To cover the relatively rare case (assuming the UAID length was selected appropriately) where two sequences were tagged with the same barcode, AbCorrect clusters the sequences within each UAID bin and builds a consensus/centroid sequence for each subcluster that passes the --min size threshold. To disable this, you can pass the --largest-cluster-only option and AbCorrect will only build a consensus/centroid sequence for the largest cluster within each UAID bin.

To perform error-correction using identity clustering instead of UAIDs, you can:

$ abcorrect -j /path/to/MyData.json -t /path/to/temp/ -o /path/to/output/ --no-uaids

This will cluster the sequences at an identity threshold (default is 0.975, or 97.5% identity) and build a consensus sequemce for each cluster. To cluster with a threshold of 0.96 instead:

$ abcorrect -j /path/to/MyData.json -t /path/to/temp/ -o /path/to/output/ -I 0.96 --no-uaids

If you have more than one JSON file to be processed, you can pass AbCorrect a directory that contains one or more JSON files and each JSON file will be iteratively processed:

$ abcorrect -j /path/to/JSONs/ -t /path/to/temp/ -o /path/to/output/

All of the other options (such as the minimum number of sequences for consensus/centroid calculation) remain, although there is currently no way to specifiy different options for each JSON file.

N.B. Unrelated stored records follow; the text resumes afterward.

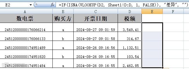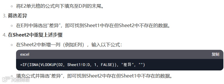 然后直接粘贴公式到相应的表格栏次,直接填充,就找出差异了。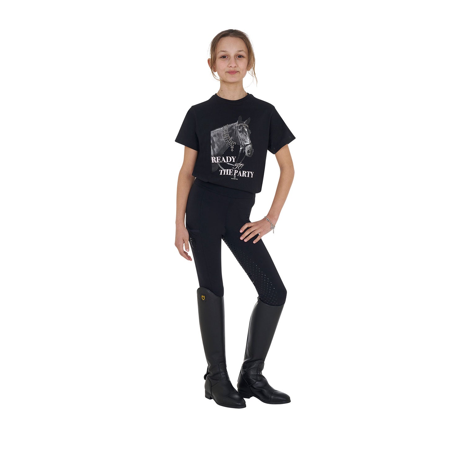 Equestro Girls' Ready To The Party Cotton T-Shirt With Rhinestones - Black / 12 Years ist auf Lager und wird versandt, sobald es wieder verfügbar ist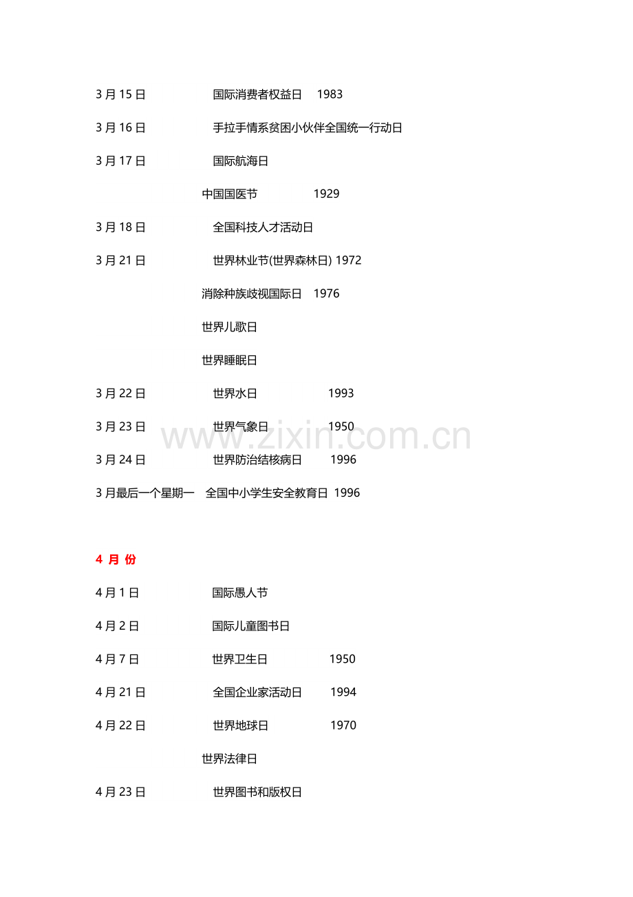 每年重阳节 中国老年节(义务助老活动日) 1989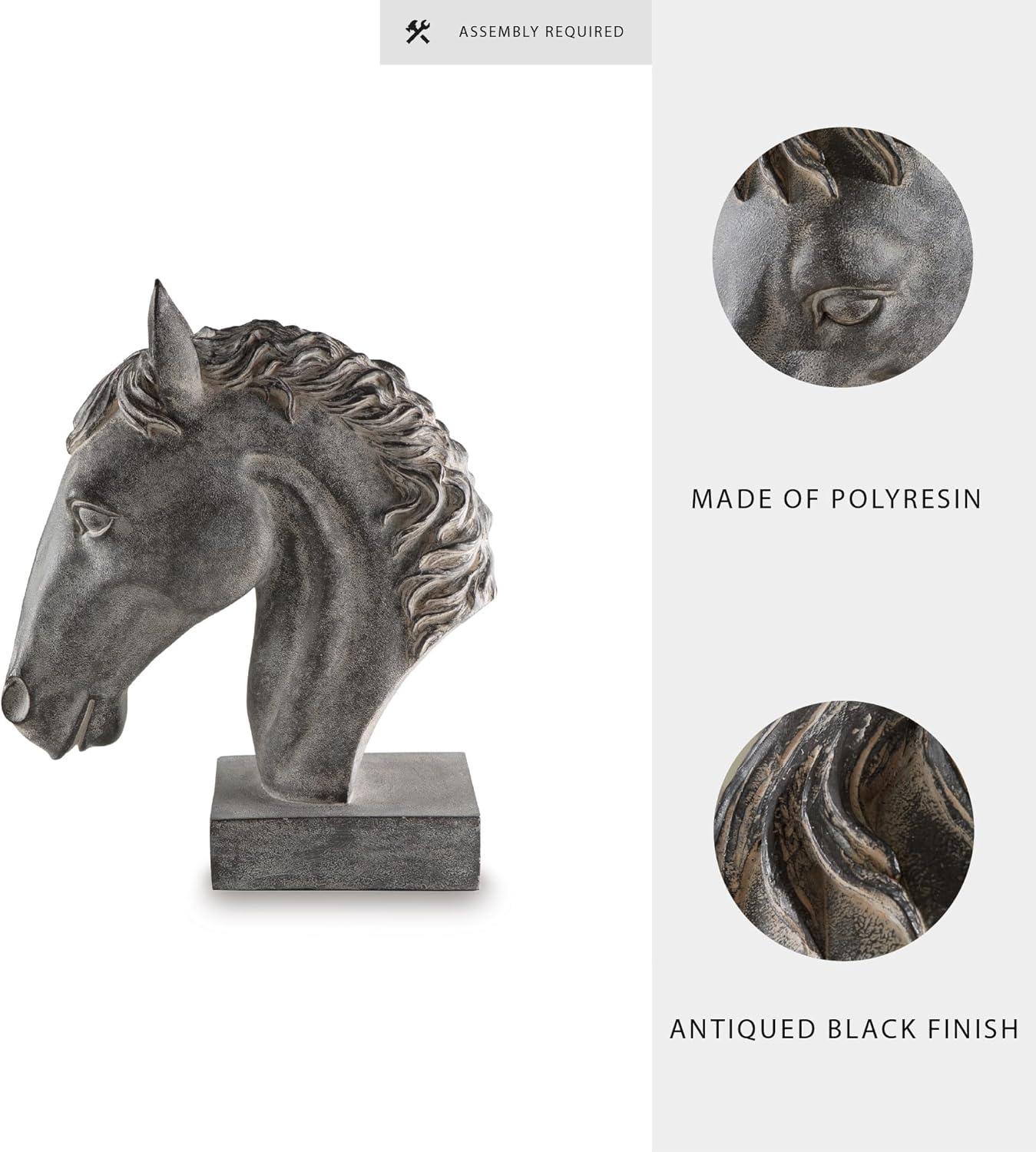 TRADITIONAL SCULPTURE: An exquisite work of art, this horse head sculpture graces your space with traditional flair. Its antiqued black finish is rich with depth and character. What a striking mane attraction for a bookcase, desk or entryway table

If your AbStar-annotated sequences have already been uploaded to MongoDB, you can still use AbCorrect to perform error correction. Rather than passing JSON files with -j, you can pass a MongoDB database name with -d and a collection name with -c:

$ abcorrect -d MyDatabase -c MyCollection -t /path/to/temp/ -o /path/to/output/

If you supply just the database name (without a collection), AbCorrect will iteratively process all collections in the supplied database:

$ abcorrect -d MyDatabase -t /path/to/temp/ -o /path/to/output/

The above example is querying MyDatabase on your local instance of MongoDB. To do the same thing on a remote MongoDB server, you can pass the IP address with -i (assuming the default port of 27017:

$ abcorrect -d MyDatabase -i 123.45.67.89 -t /path/to/temp/ -o /path/to/output/

If your MongoDB server uses a port other than 27017, you can provide it using the --port option. And if your remote MongoDB server requires authentication, you can supply the username with --user and the password with --password. If you don’t supply both --user and --password, AbCorrect will attempt to connect to the MongoDB database without authentication.

Finally, to make non-redundant set of sequences, AbCorrect provides the --nr option:

$ abcorrect -d MyDatabase -t /path/to/temp/ -o /path/to/output/ --nr

This uses sort | uniq, which is much faster than clustering at 100% identity with CD-HIT.

Warning

Using --nr is is not the same as clustering at 100% identity. Two sequences that are different lengths but are otherwise identical will be collapsed when clustering with CD-HIT but will not be collapsed when using sort | uniq.